For Palo Alto Networks, the clarifying metric is subscription and support gross margin, which compressed 530 basis points to 66.5 percent in Q3. Recovery toward prior-period levels over the next two quarters would indicate the costs are temporary integration drag. If margin stays compressed, it signals that CyberArk’s cloud delivery architecture carries structurally higher costs than the legacy Palo Alto business, which changes the platform margin thesis over a multi-year horizon.

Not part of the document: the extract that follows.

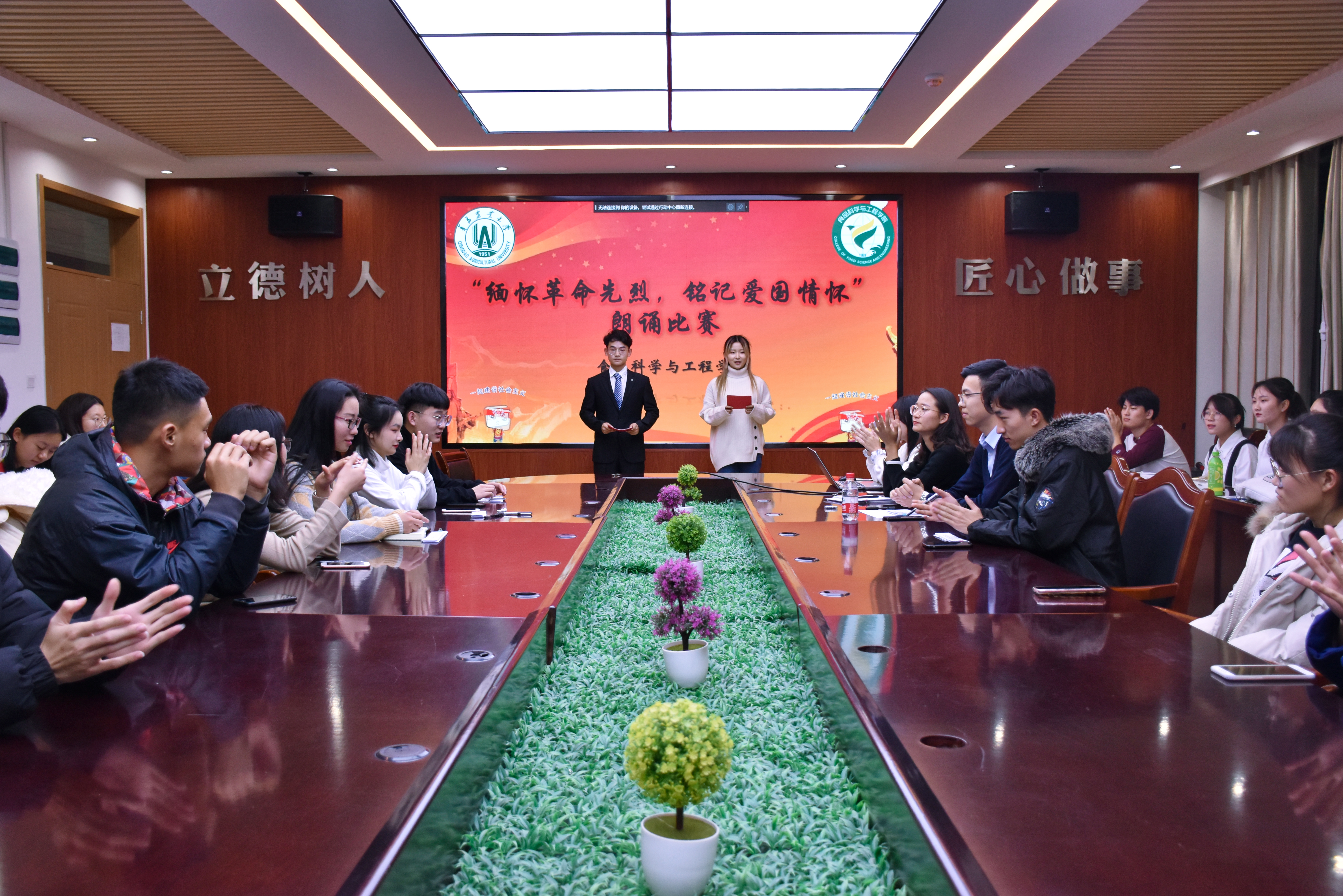 为深入贯彻学生爱国主义情怀,缅怀革命先烈,12月15日,tyc234cc 太阳成集团于食品楼举办“缅怀革命先烈,铭记爱国情怀”朗诵比赛。本次大赛由学院2017级学生代表担任评委,2019级学生积极参加。
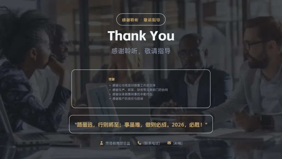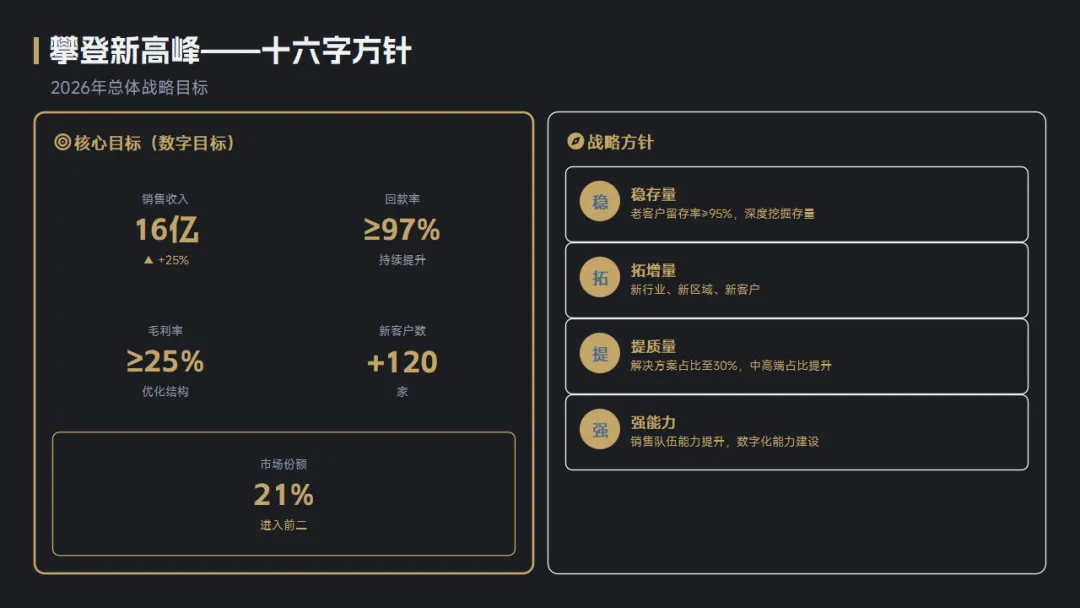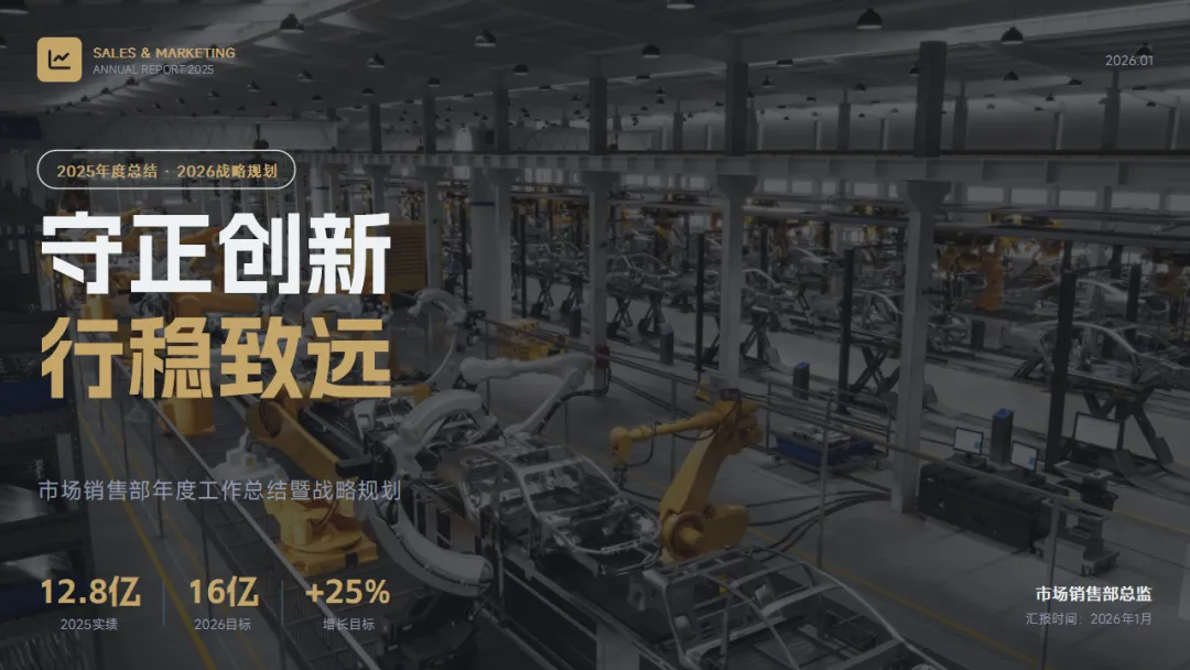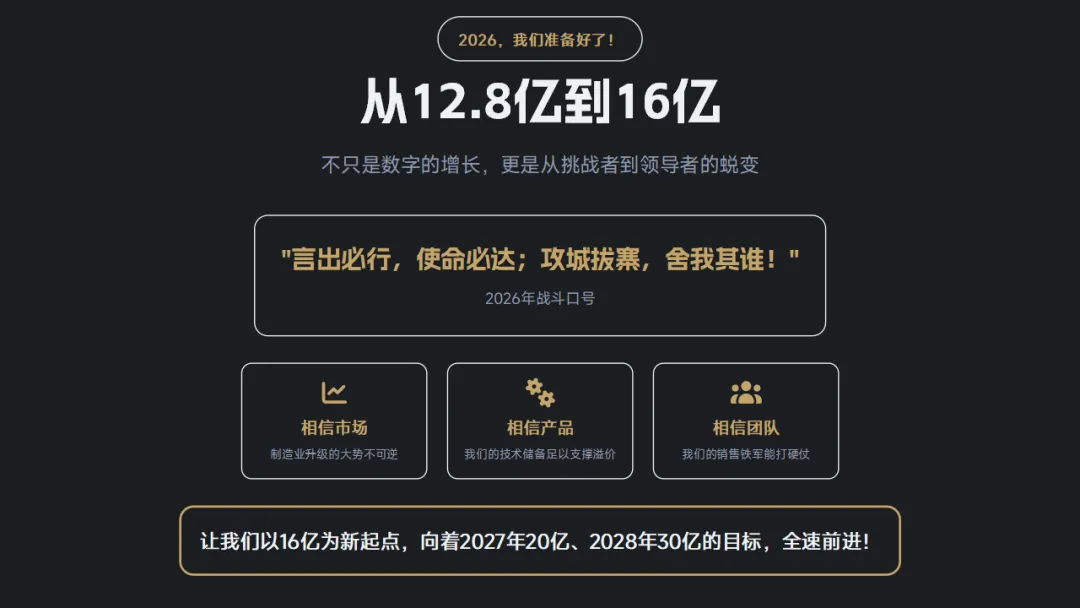 从12.8亿到16亿,不只是数字的增长,更是从挑战者到领导者的蜕变。我们的战斗口号是:"言出必行,使命必达;攻城拔寨,舍我其谁!"我们相信市场:制造业升级的大势不可逆,智能化、国产替代的历史机遇就在眼前。我们相信产品:我们的技术储备足以支撑溢价,B系列和D系列代表了行业未来方向。我们相信团队:我们的销售铁军能打硬仗,连续超额完成业绩证明了我们的执行力。让我们以16亿为新起点,向着2027年20亿、2028年30亿的目标,全速前进!"路虽远,行则将至;事虽难,做则必成。2026,必胜!"

For the enterprise software cohort, Workday’s explicit disclosure about reduced headcount-level commitments at renewal and GitLab’s Dollar-Based Net Retention Rate, a measure of expansion revenue within existing customers, declining from 122 percent to 117 percent set up a two-quarter thesis test. If AI-driven efficiency is genuinely shrinking the number of software seats customers need, both metrics should continue to deteriorate across the platform-subscription category. If the compression is concentrated in government, healthcare, and higher education tied to federal funding uncertainty, as Workday’s own explanation suggests, those metrics should stabilize as that uncertainty resolves. Two more quarters of data distinguish a sector-wide structural shift from a vertical-specific cyclical one.